» Your task
Hand back the entries exactly as written, minus every picture.

[Dataset excerpts — start]

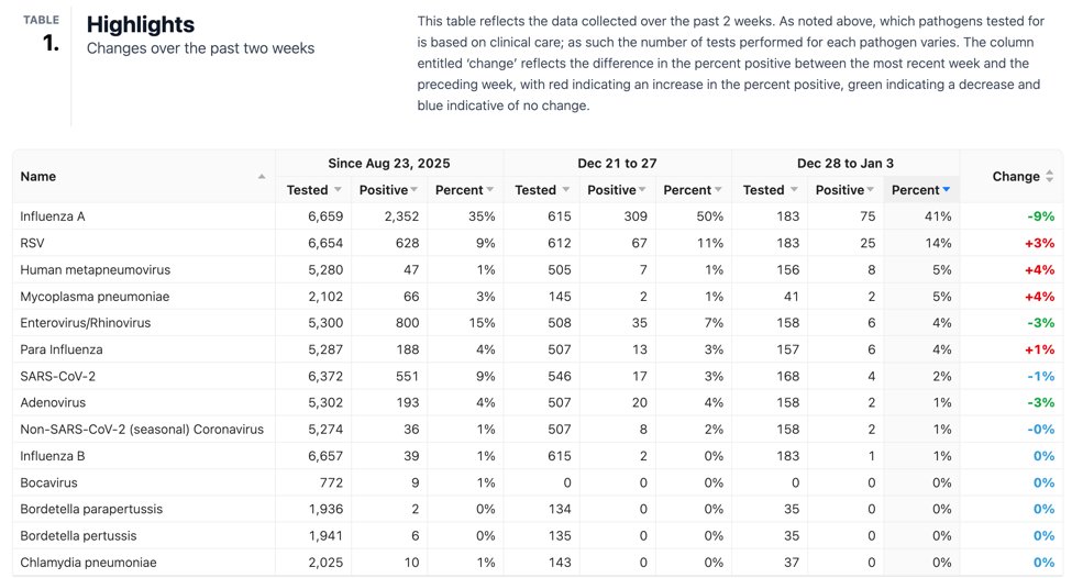 Test positivity for #influenza A hit 50% and now down to 41%. However schools & childcare centres have reopened...
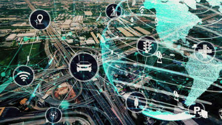 Smart transport technology concept for future car traffic on newish city road . Virtual intelligent system makes digital information analysis to connect data of vehicle on city street .
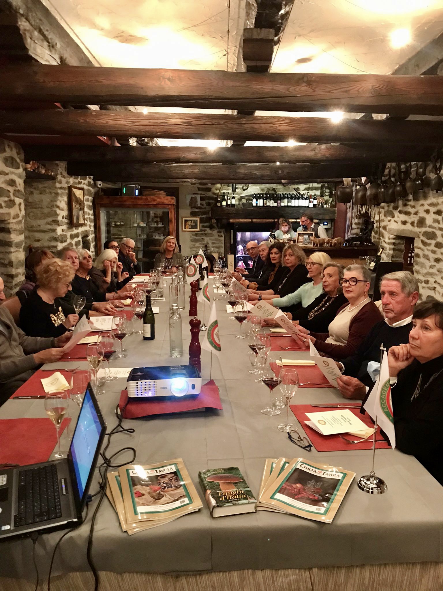 Tutti i funghi della serata sono stati certificati dal micologo Dimitri Gioffi, che ha illustrato, proiettando immagini, le caratteristiche dei vari miceti degustati, rispondendo alle attende domande dei partecipanti.
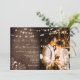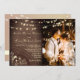 Célébrez votre amour sous la lueur des lampes à cordes avec ce faire-part de mariage en bois rustique avec des illustrations florales dorées romantiques, des lumières scintillantes, et une photo personnalisée du couple. Un code QR pratique relie les invités directement à votre site Web mariage ou à votre page RSVP. Des polices de caractères élégantes et des tons terreux en font le choix parfait pour les mariages d'automne ou d'hiver avec une atmosphère rustique moderne et confortable.
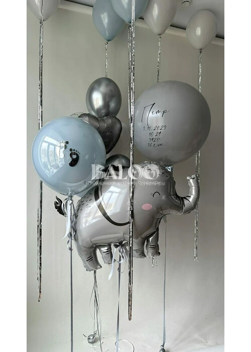 Набор шаров на выписку мальчика со слоником в голубом и серебряном цвете №3221
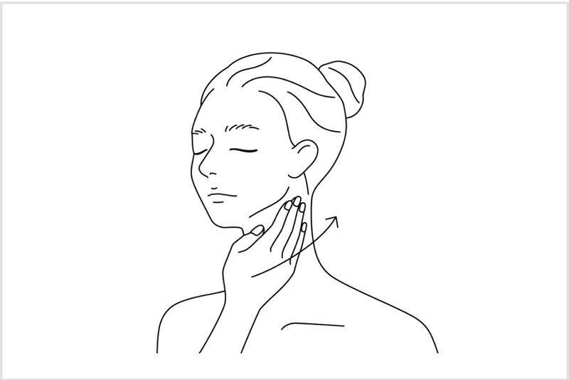 以指腹,沿著下巴線條朝耳根方向推開並按摩。
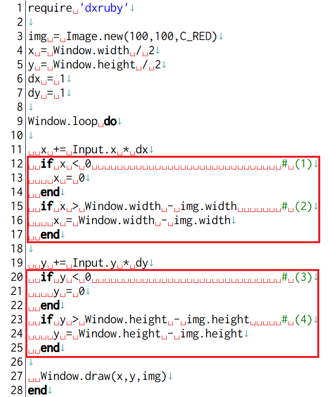 8行目(コメント(1))から始まるif 文で、x > Window.width の条件式
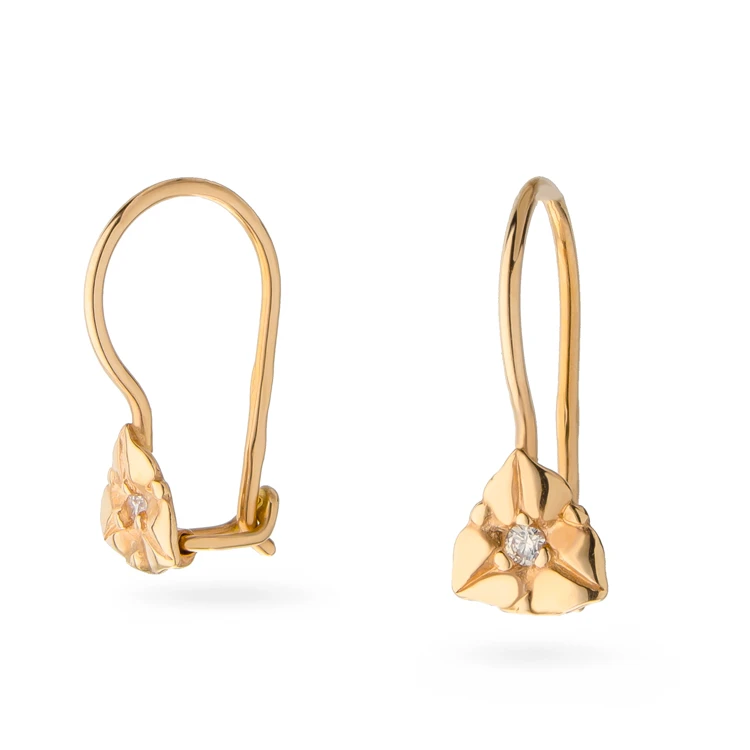 <p><strong>Размер:</strong></p> <p>длина серьги - 14 мм</p> <p>ширина серьги - 6 мм</p> <p>диаметр петли - 7 мм</p> <h2><strong>Золотые серьги с кубическим оксидом циркония.</strong></h2> <p>Оригинальные серьги из красного золота 585 пробы созданы для юной модницы. Они обладают очень нежным дизайном в виде цветочка, посередине которого размещен прозрачный фианит круглой огранки. Вставка надежно зафиксирована корнеровой закрепкой. Французская застежка на серьгах идеально подходит для ежедневного ношения, ведь она легко надевается и комфортна для детских ушек.</p> <p>Эти серьги могут стать приятным подарком к важному событию, они обязательно вызовут восторг у каждой девочки и станут изюминкой любого детского образа.</p>
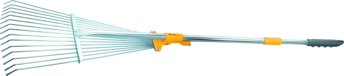 Обратите внимание на веерные грабли Palisad Luxe. Они имеют прочный алюминиевый телескопический черенок. С помощью скользящей по черенку втулки, которая фиксируется эксцентриковым зажимом в любом положении, ширина захвата легко меняется от 190 до 550 мм. Это позволяет добраться до сложных участков под кустами и между строениями.
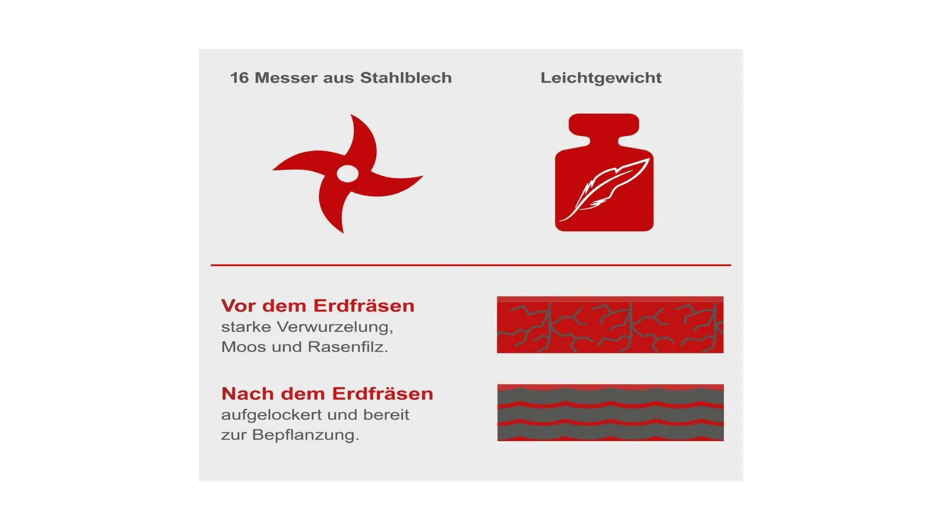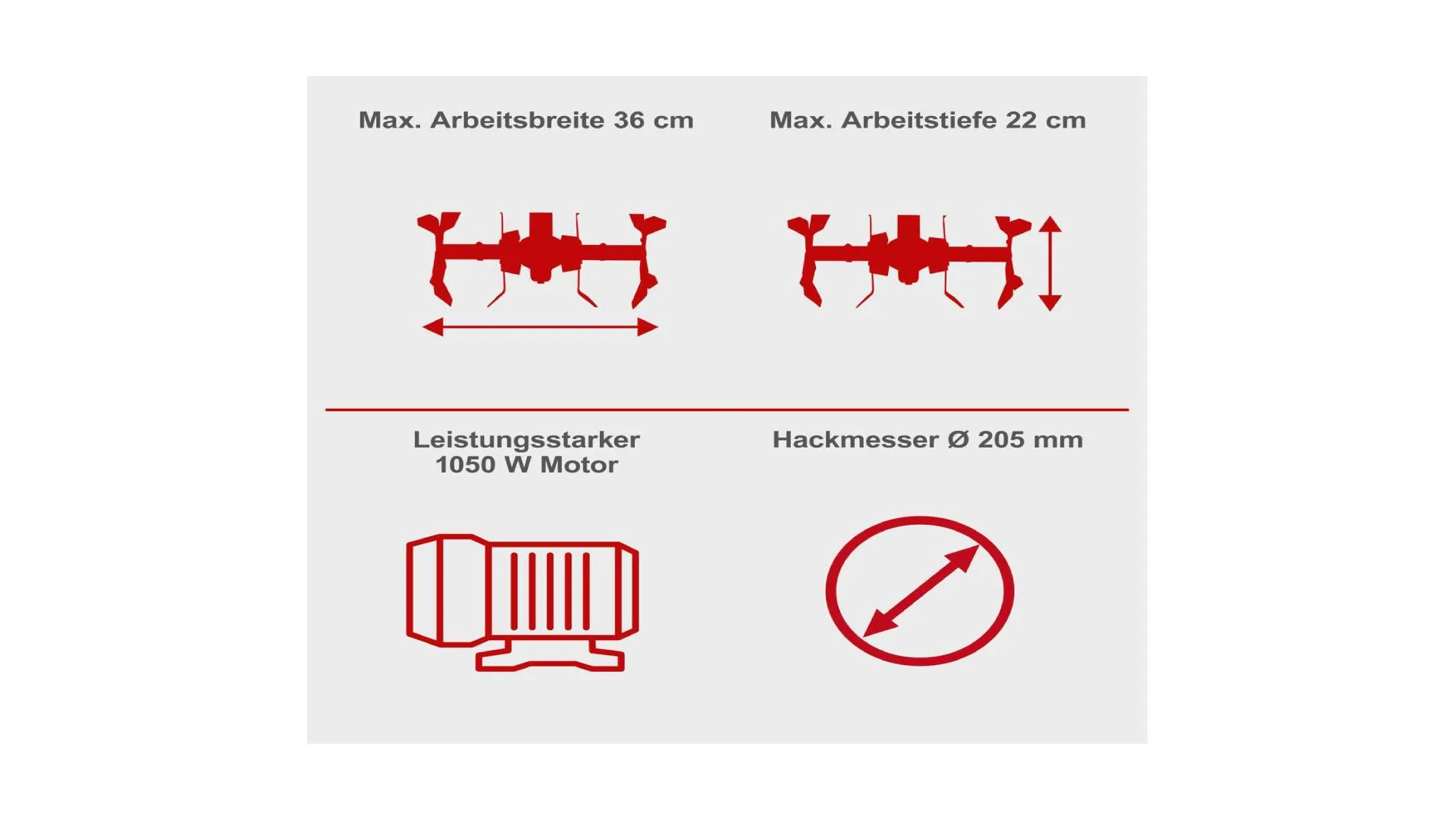 Sa snagom motora od 1050 W i efikasnim četkastim motorom, ova kopačica omogućava jednostavno rahljenje i pripremu zemlje.

[Dataset excerpts — finish]

» Exercise answer
 Test positivity for #influenza A hit 50% and now down to 41%. However schools & childcare centres have reopened...
 Smart transport technology concept for future car traffic on newish city road . Virtual intelligent system makes digital information analysis to connect data of vehicle on city street .
 Tutti i funghi della serata sono stati certificati dal micologo Dimitri Gioffi, che ha illustrato, proiettando immagini, le caratteristiche dei vari miceti degustati, rispondendo alle attende domande dei partecipanti.
 Célébrez votre amour sous la lueur des lampes à cordes avec ce faire-part de mariage en bois rustique avec des illustrations florales dorées romantiques, des lumières scintillantes, et une photo personnalisée du couple. Un code QR pratique relie les invités directement à votre site Web mariage ou à votre page RSVP. Des polices de caractères élégantes et des tons terreux en font le choix parfait pour les mariages d'automne ou d'hiver avec une atmosphère rustique moderne et confortable.
 Набор шаров на выписку мальчика со слоником в голубом и серебряном цвете №3221
 以指腹,沿著下巴線條朝耳根方向推開並按摩。
 8行目(コメント(1))から始まるif 文で、x > Window.width の条件式
 <p><strong>Размер:</strong></p> <p>длина серьги - 14 мм</p> <p>ширина серьги - 6 мм</p> <p>диаметр петли - 7 мм</p> <h2><strong>Золотые серьги с кубическим оксидом циркония.</strong></h2> <p>Оригинальные серьги из красного золота 585 пробы созданы для юной модницы. Они обладают очень нежным дизайном в виде цветочка, посередине которого размещен прозрачный фианит круглой огранки. Вставка надежно зафиксирована корнеровой закрепкой. Французская застежка на серьгах идеально подходит для ежедневного ношения, ведь она легко надевается и комфортна для детских ушек.</p> <p>Эти серьги могут стать приятным подарком к важному событию, они обязательно вызовут восторг у каждой девочки и станут изюминкой любого детского образа.</p>
 Обратите внимание на веерные грабли Palisad Luxe. Они имеют прочный алюминиевый телескопический черенок. С помощью скользящей по черенку втулки, которая фиксируется эксцентриковым зажимом в любом положении, ширина захвата легко меняется от 190 до 550 мм. Это позволяет добраться до сложных участков под кустами и между строениями.
 Sa snagom motora od 1050 W i efikasnim četkastim motorom, ova kopačica omogućava jednostavno rahljenje i pripremu zemlje.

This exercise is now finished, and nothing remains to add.